As to why he was silent, God knows.
Perhaps he didn’t want to put on a religious show.
Perhaps he was committed to being totally quiet and out of the way during the Bush funeral.
Perhaps he was unfamiliar with the words.
Perhaps he’s not a true Christian and so had no interest in making the statement of faith.
To repeat: God knows why he didn’t recite the creed.
But, to repeat: His silence is of no material concern to me, since I would rather have a president who kept his promises to evangelicals and didn’t worship publicly than a public worshiper who broke his promises to us.
Would it be even better to have a fervent, committed, steady, mature, evangelical Christian who was as strong and determined as President Trump?
Absolutely, and we continue to pray for God to work in his life.
But, not only is Donald Trump not our Savior (as I’ve said endlessly for months). He is neither our model Christian leader nor our model Christian example.
At best, he is a work in progress (as all of us are, to one extent or another). And, that being the case, I see no reason why he should put on an outward religious show.

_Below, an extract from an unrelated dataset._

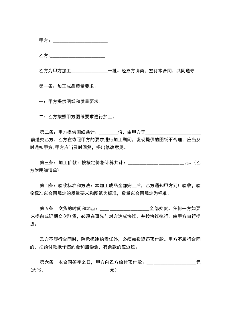 乙方为甲方加工________________一批。经双方协商,签订本合同,共同遵守.

Again, it is certainly proper protocol to participate outwardly in the religious rites at a funeral service. And, to my knowledge, there’s nothing in the Apostles’ Creed with which Trump would disagree.

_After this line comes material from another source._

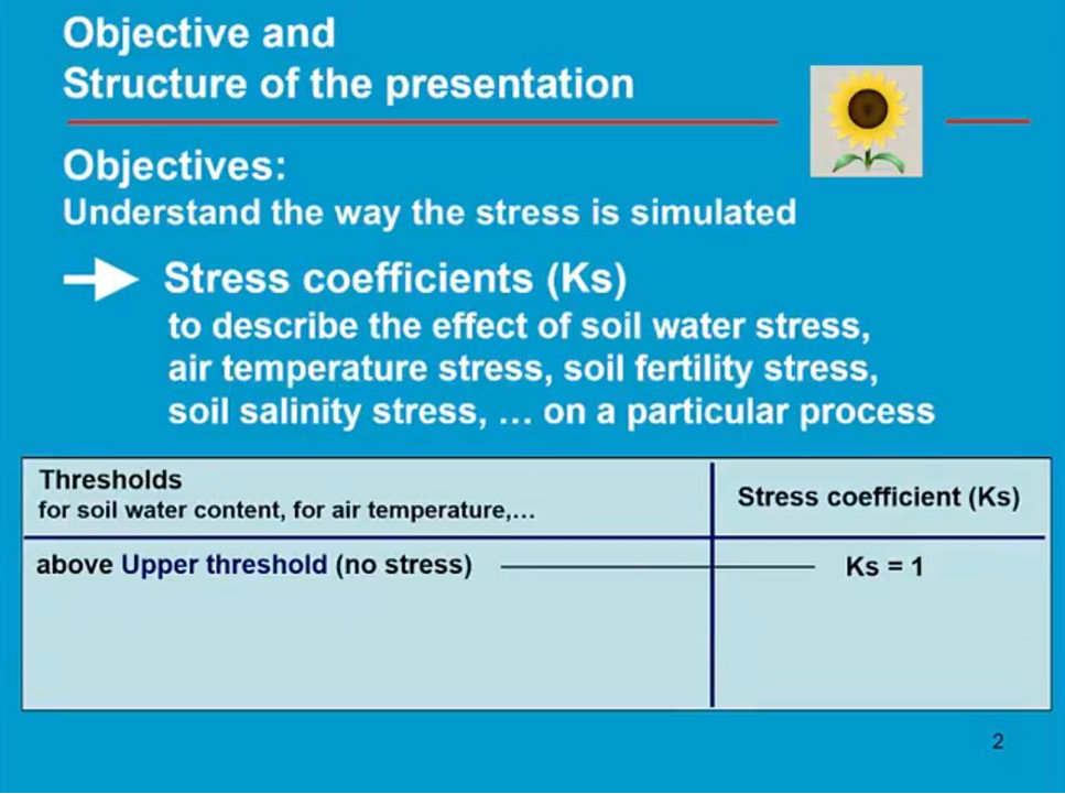 Yield response to water part 2 - AquaCrop - Training module Nr. 4.6 (unit 4. Crop)
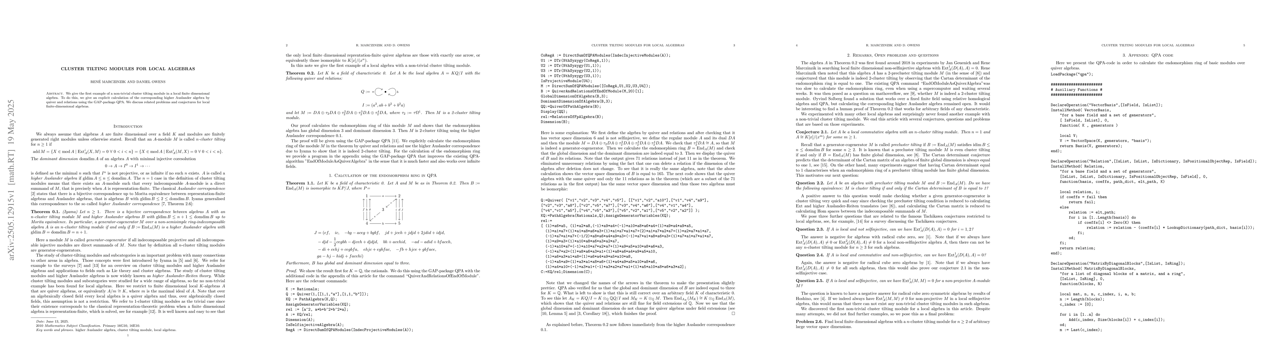 This paper presents the first concrete example of a cluster tilting module in local finite-dimensional algebras, advancing knowledge in the field.

But what if his silence had nothing to do with his faith or the lack thereof? What if, again, it had to do with him being quiet for other reasons? After all, his very presence at the funeral was a delicate matter.

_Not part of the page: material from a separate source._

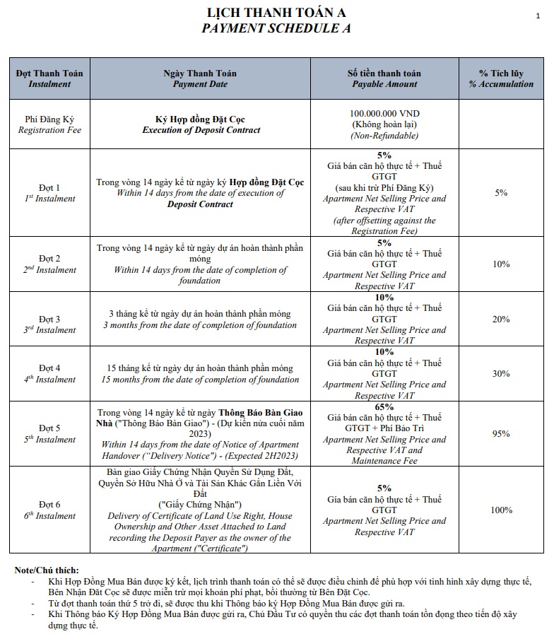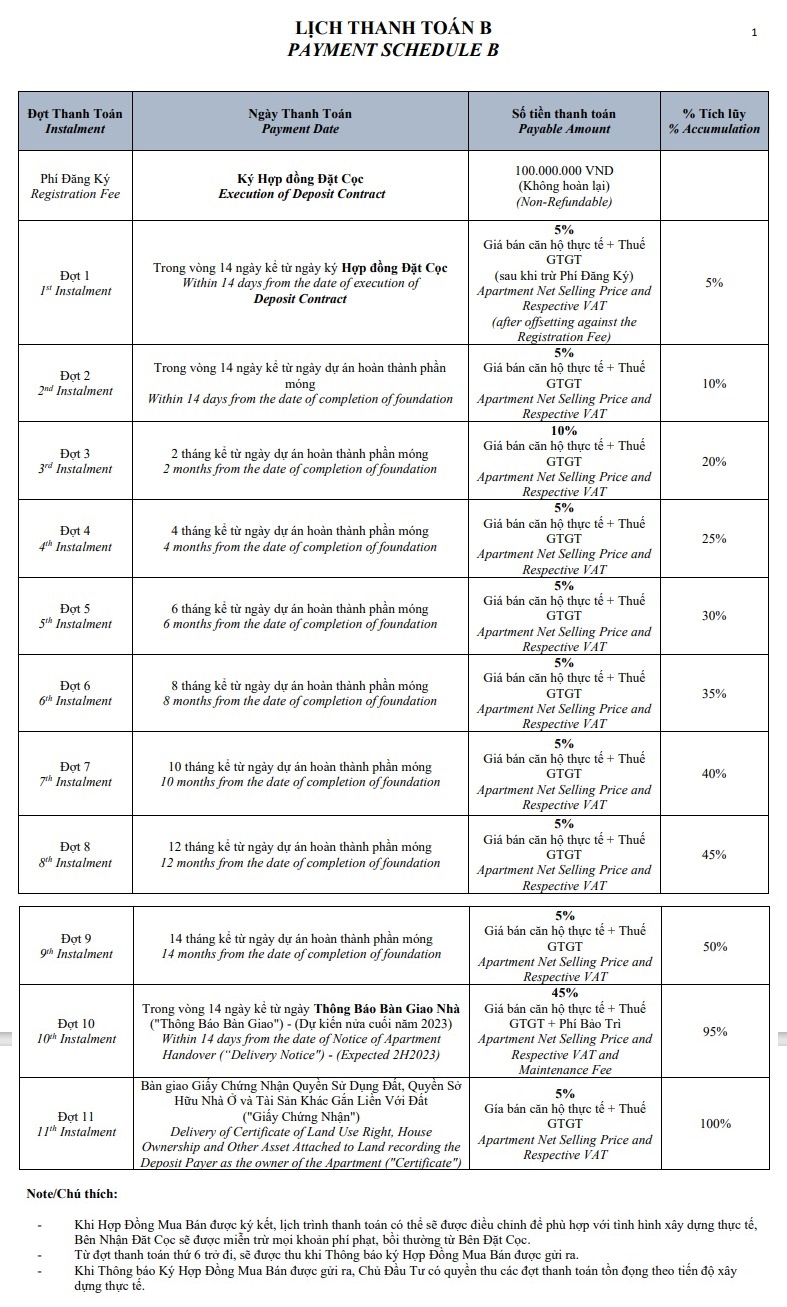 Căn hộ Celesta Rise hiện sở hữu được lịch thanh toán khá giãn khách hàng chọn 1 trong 2 phương thức thanh toán. Được chia làm 11 đợt. Thời điểm ký hợp đồng mua bán là 20% giá trị nhà phố celesta evenue. Nhận nhà thanh toán 55% hoạt 65%

Or, to come at this from a different angle, what if, instead of being silent, he had sung the hymns with gusto and recited the Creed with full-throated enthusiasm? Would not the same critics now mock him for his religious display? “Just look at that hypocrite! Who does he think he’s fooling?”
Either way, he’d receive his fair share of criticism, as would those who voted for him.
But even if it was the worst case scenario, namely, that he was silent because he is not a true believer in Jesus, that would only confirm the “Cyrus” prophecies about him. (Namely, that God raised him up for His own good purposes, despite the fact that Trump himself did not know God, just as he raised up Cyrus, who was an idol-worshiping pagan king. See Isaiah 45:1-4, and note carefully the last words of v. 4)
To be clear, I have said for more than three years that we make a mistake when, as evangelicals, we present the president as “Saint Donald” or when we whitewash his worst words. We can support him and pray for him without being puppets and lackeys. We can stand with him while expressing our disagreement and differences.
But as long as he continues to nominate pro-life justices and push back against LGBT extremism and fight for our religious liberties and combat radical Islam and stand with Israel (among other things), he has my ongoing support.
And that holds true whether he himself is a genuine Christian or not.